Season trends in the forex market and elsewhere in December

Season trends in the forex market and elsewhere in December

November largely followed the seasonal script that I laid out at the start of the month until omicron upended everything. Stocks hit record highs, the yen was soft, oil slipped and the loonie struggled. They were all great trades until the fundamentals (and fear) took over.

That's not going to change in December as we play a 50/50 game of chicken with omicron.

All else equal though and here are the seasonal trends for December.

1) Gold back to life

At the start of November I wrote that gold traders should look to buy a dip in mid-to-late November. Well, here we are with gold at the lowest since November 1. Note that gold is holding the November low so far. That's a a good sign and a spot to manage risk.

Gold

I don't think anyone can rule out a gold rout on an omicon risk rout but there's also a pretty good chance this simply leads to lower rates for longer and more fiscal spending -- both gold tailwinds. The Jan-Feb period is extremely strong seasonally for gold.

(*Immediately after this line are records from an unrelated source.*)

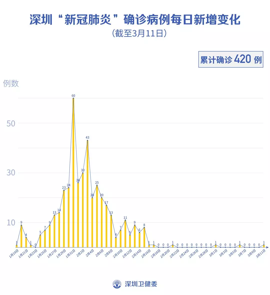截至3月11日24時(shí),深圳累計(jì)報(bào)告“新冠肺炎”確診病例420例。3月11日當(dāng)天全市新增確診病例1例,當(dāng)天出院病例5例(從2月26日起不再公布出院個(gè)案)。
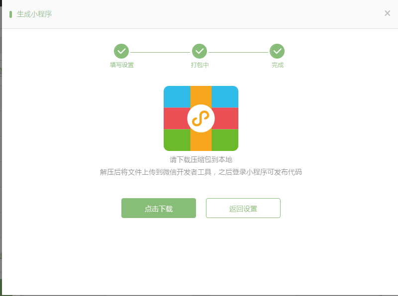 设置填写完之后,可以生成一个压缩包,解压之后上传到微信开发者工具进行发布,之后等待微信审核,审核通过后可上线
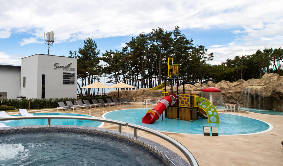 ● 가족 친화적 시설: 키즈풀, 파도풀, 슬라이드 등 온 가족이 함께 즐길 수 있는 공간

2) Stocks moderately positive

The (forgotten?) rout in 2018 skews the averages a bit but the S&P 500 has risen by an average of 0.55% in December since 2000, which makes it the sixth best month. That's not quite the Santa-Claus rally we're often fed. Notably though, it's risen in 14 of 20 years. The Nikkei and FTSE 100 tend to do a bit better than the US.

3) Dollar weakness

Powell surprised the market today and gave life to the dollar but that move has surprisingly faded. Perhaps that's a sign of month end flows or a taste of what's to come for repatriation flows. The dollar index has declined in four straight years in December and it's the worst month for DXY over the past 20 years.

4) Euro strength

This isn't a surprise given the DXY weakness but December is easily the best month for the euro. The technicals and fundamentals aren't great but hopefully Europe has better covid news by year end -- that could be a catalyst. The average gain since 2000 is 1.53%.

5) Natural gas declines

The months of Dec, Jan and Feb are poor for natural gas as the market seems to go into every winter fearing cold and then breathing a sigh of relief when it doesn't come. Today, Henry Hub gas broke through some support levels so that lines up. At the same time, there's emerging talk of cold weather hitting the US in mid-December.

December seasonals

The flip side of the energy trade is that a great seasonal period for oil begins in January so buying a dip in crude is a worthwhile strategy, especially if OPEC decides to chip in with some help.

6) Kiwi craze

December is by far the best month of the year for the NZD/USD trade over the past two decades with an average gain of 1.86%. Obviously much hangs on omicron but the seasonals are strong. Technically, we haven't seen a close below the August lows yet and that's about the best thing I can say.